4.1. Nitrate impact differently on bacterial communities in weathered rocks and sediments
The application of nitrogen fertilizers is well-known to influence the structure of soil bacterial communities (Fierer et al., 2012a; Zhou et al., 2015). However, the effect of nitrate on microbial communities has often been neglected in previous studies related to karst caves. Nitrate input with acid rain or fertilization in overlying soils may result in the alteration of microbial diversity, microbial composition, and microbial functions in karst caves, which subsequently may have profound feedback on global climate change.
Nitrate contributed most to the distinguished bacterial communities in different habitats (Figures 2D–F) and resulted in unique indicator groups within each habitat. Actinomyces, Crossiella, and Rubrobacteria were indicator groups in weathered rocks, with Betaproteobacteriales, Acidobacteria, Nitrosococcales, Nitrosococcaceae, and Nitrosomonadaceae in sediments. Most indicator groups were related to nitrogen cycling. For example, the indicator phyla/order in weathered rock Actinobacteria is reported to be a major component of nitrate reducers in low-temperature peat and permafrost (Steven et al., 2008; Palmer et al., 2012; Palmer and Horn, 2012). Crossiella, an aerobic, non-motile actinomycete and a nitrate reducer, has already been described in subsurface environments (Portillo et al., 2009). In sediments Betaproteobacteriales are capable of denitrification, ammonia oxidation, nitrite oxidation, and nitrogen assimilation (Kalyuzhnaya et al., 2006). The subgroup_6 of Acidobacteria responds sensitively to high nitrogen availability in wetland soil (Hester et al., 2018).

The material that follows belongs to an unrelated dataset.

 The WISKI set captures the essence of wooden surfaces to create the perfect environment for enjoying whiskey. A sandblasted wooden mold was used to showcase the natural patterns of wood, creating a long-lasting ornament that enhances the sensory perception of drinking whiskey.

Nitrosococcales, Nitrosococcaceae, and Nitrosomonadaceae are ammonia-oxidizers (Ward et al., 2021). In addition, there were significant changes in the abundance of other bacteria due to the high input of exotic nitrate.

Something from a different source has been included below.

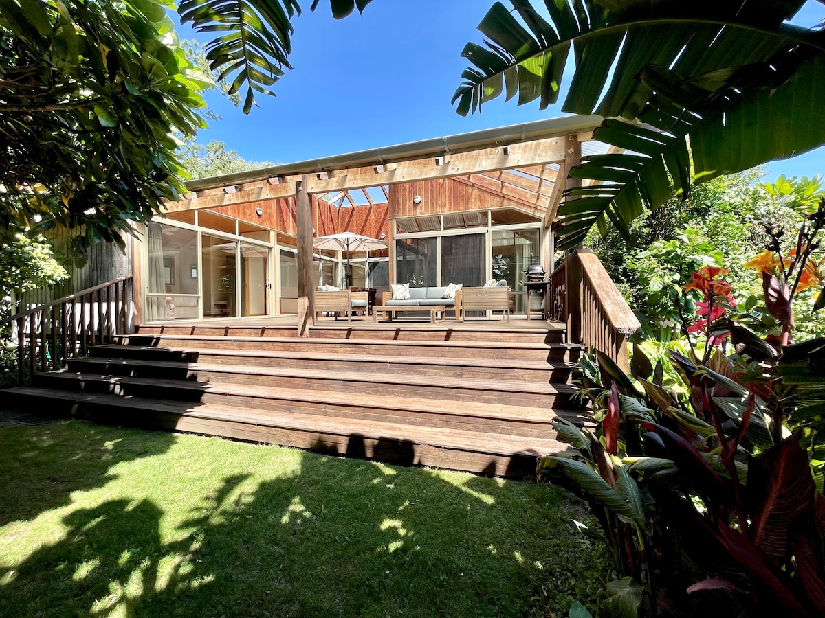 Purpose built as holiday accommodation Te Puia Lodge is not your average kiwi bach. Nestled in private gardens, Te Puia Lodge is the perfect hideaway for people wanting to get away from it all. Couples and families alike will enjoy the spacious design and indoor-outdoor flow.

Besides the differences in indicator groups, bacterial communities also significantly differed in the alpha diversity and beta diversity between sediments and weathered rocks as indicated by alpha diversity indexes (Supplementary Figure S2) and NMDS analysis (Figure 2C). The alpha diversity of bacterial communities was higher in sediments than in the weathered rocks in the Chang Cave, consistent with observations in other caves (Ma et al., 2021; Ai et al., 2022). Moreover, our observation of the difference in the beta diversity between weathered rocks and sediments was also reported in other caves in Guilin city (Cao et al., 2021; Yang et al., 2021). These differences in bacterial diversities are likely results from the nitrate impact.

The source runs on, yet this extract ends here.